JPH0132123Y2 - - Google Patents

Description

[Detailed Description of the Invention] <Industrial Application Field> The present invention relates to a position switch configured to electrically detect the position of an actuator.

<Prior Art> For example, in order to detect the neutral position of an automobile transmission, as described in Japanese Utility Model Publication No. 55-17238, in the past, the actuator (actuator) moves ( By forming grooves on the outer surface of the shaft that slides, and by providing a switch that comes into contact with the area containing the grooves via a steel ball, the position of the actuator (transmission) can be controlled through the on/off state of this switch. There is a device designed to detect .

However, when the switch is operated by mechanical means, a load is applied to the shaft, and the position detection accuracy is limited by the size of the switch (steel ball). be.

In order to solve this problem, for example, as shown in FIG. 3 or 4, an insulating layer 2 is provided on the outer surface of the grounded shaft 1, and a contact 3 is placed in the area containing this insulating layer 2. The contacts 3 are brought into contact with each other in a movable manner, and a high potential V ₀ is applied to the contacts 3 via a resistor 4.
The load on the shaft 1 can be reduced by using the slide switch mechanism, such as applying , the potential of the contact point 3 changes as the shaft 1 moves (changes in the position of the actuator). A so-called contact type position switch has been proposed in which the detection accuracy can be increased by appropriately setting the sizes of the insulating layer 2 and the contact points 3. Reference numeral 5 denotes a control device composed of a computer and the like.

<Problems to be solved by the invention> However, in the case where the shaft 1 and the contact point 3 are brought into contact with each other directly or through the insulating layer 2, the insulating layer 2 causes the contact to become open. Because the circuit harness acts like an antenna, external noise can be transmitted through the harness to various control devices (e.g. computers).
There was a problem in that feedback could be fed back to the system, leading to malfunctions.
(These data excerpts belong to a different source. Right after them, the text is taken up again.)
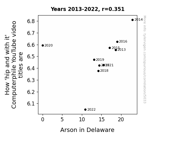 This means 12.3% of the change in the one variable (i.e., Arson in Delaware) is predictable based on the change in the other (i.e., How 'hip and with it' Computerphile YouTube video titles are) over the 10 years from 2013 through 2022.
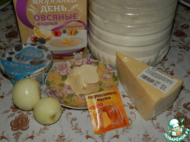 Ингредиенты для «Овсяные монетки с луком и сыром»:
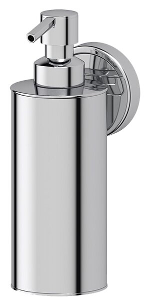 Дозатор для жидкого мыла с футуристичным дизайном. Полностью выполнен из хромированной латуни, которая не подвержена коррозии, выдерживает как высокую влажность ванной комнаты, так и чистку моющими средствами. Объем дозатора - 260 мл, настенное крепление полностью скрывает элементы крепежа.
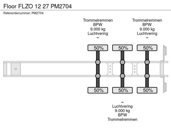 Achteras 2: Max. aslast: 9000 kg; Bandenprofiel links: 50%; Bandenprofiel rechts: 50%
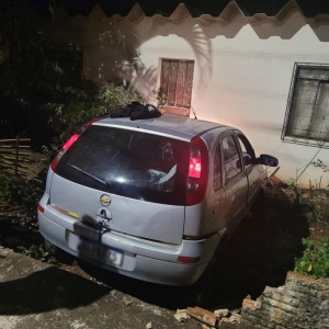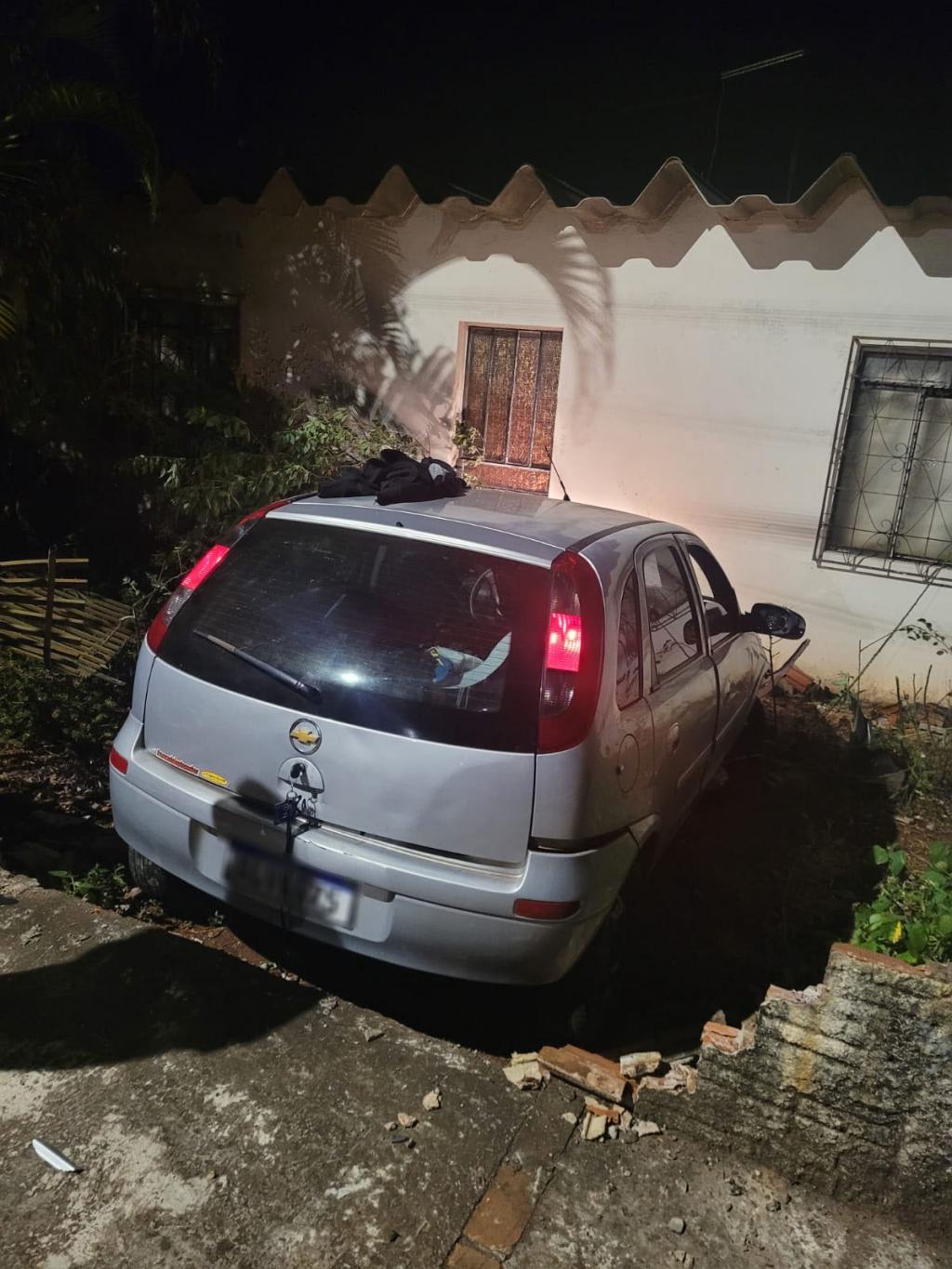 Durante perseguição o condutor do carro em fuga quebrou o retrovisor de um veículo Uno estacionado e parou somente quando colidiu com um muro de uma residência, invadindo o quintal localizado no cruzamento da rua da Igreja com a rua Laguna, marcas frenagem de aproximadamente 20 metros ficaram gravadas no asfalto.

The present invention was devised to solve these conventional problems, and provides a highly reliable actuator position switch that is a contact-type position switch and prevents noise from entering from the outside. It is intended to.

<Means for solving the problem> To this end, in the present invention, a high-resistance material layer made of a high-resistance conductive material is formed on a part of the outer surface of the shaft of the grounded actuator. By bringing a contact connected to the high potential side into sliding contact with a region of the shaft where the high-resistance material layer is formed, the contact and the shaft can be connected directly or directly to the high-resistance material layer depending on the position of the shaft. It is configured so that it can be contacted through.

<Function> This makes it possible to prevent the circuit from becoming open and allowing noise to easily enter under any circumstances.

<Example> Examples of the present invention will be described below.

FIG. 1 shows an embodiment of the present invention, in which a shaft 11 sliding in the left-right direction in the figure is grounded by the position of an actuator (not shown), and a part of the outer surface of the shaft 11 is grounded, for example. High-resistance material layers 12a and 12b made of a high-resistance conductive material such as silicon carbide (ceramic)
is formed.

Further, contacts 14a, 14b, 14c connected to the high potential side via resistors 13a, 13b, 13c are slidably brought into contact with regions where high-resistance material layers 12a, 12b are formed on the outer surface of the shaft 11. ing. And the resistors 13a, 13b, 13
The harnesses 15a, 15b, 15c connecting the contact points 14a, 14b, 14c to the input terminals (not shown) of the computer 16 are connected to the signal lines 1, respectively.
By connecting via 7a, 17b, 17c, the voltage a,
b and c are supplied to the computer 16 and the shaft 1
1 position (actuator position) can be electrically detected.

In the above configuration, when the shaft 11 is in the B position shown in FIG.
4b directly contacts the shaft 11 and the other contact 14
a and 14c are both high resistance material layers 12a and 12b
It is in contact with the shaft 11 via. Further, when the shaft 11 moves to the left in the figure and reaches position A, the contact 14a located on the left side directly contacts the shaft 11, and the other contacts 14b and 14c contact the shaft through the high-resistance material layer 12b. 11, and conversely, when the shaft 11 moves to the C position, the contact 14c directly contacts the shaft 11, and the other contacts 14a and 14b both contact the high resistance material layer 12a.
It comes into contact with the shaft 11 via.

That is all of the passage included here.